# How much bone meal powder to add to ground raw?



## lemonadeicedtea (Aug 8, 2011)

For people who make their own ground meat mixes - how much bone meal powder do you add?

Background: Beckett is midway through a 2-month course of doxycycline and has been experiencing a low appetite, but needs to eat to avoid digestive upset from the meds. In the past few days, he's been refusing the chicken quarters/turkey necks that I usually use as RMB (I don't like to use beef RMB and won't introduce pork until after the antibiotics are finished). His pickiness comes in phases and I'm sure that this will pass, but in the meantime I need to keep his diet balanced as best I can. I have all the ingredients on hand to make my own mix (ground meats, tripe, OM, veggies, etc), and just purchased a container of Kal Bone Meal Powder (Kal Bone Meal Powder -- 16 oz - Vitacost).

Thanks!


----------



## dis222 (Mar 30, 2013)

lemonadeicedtea said:


> For people who make their own ground meat mixes - how much bone meal powder do you add?
> 
> Background: Beckett is midway through a 2-month course of doxycycline and has been experiencing a low appetite, but needs to eat to avoid digestive upset from the meds. In the past few days, he's been refusing the chicken quarters/turkey necks that I usually use as RMB (I don't like to use beef RMB and won't introduce pork until after the antibiotics are finished). His pickiness comes in phases and I'm sure that this will pass, but in the meantime I need to keep his diet balanced as best I can.
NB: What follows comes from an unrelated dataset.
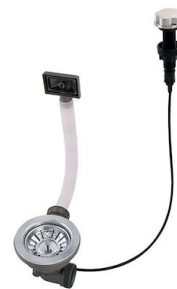
Desagüe automático 8407 000

I have all the ingredients on hand to make my own mix (ground meats, tripe, OM, veggies, etc), and just purchased a container of Kal Bone Meal Powder (Kal Bone Meal Powder -- 16 oz - Vitacost).
> 
> Thanks!


a 60 pound dog does well on about 4 grams a day.. so you can be the judge from there


----------



## lemonadeicedtea (Aug 8, 2011)

dis222 said:


> a 60 pound dog does well on about 4 grams a day.. so you can be the judge from there


Thanks!


----------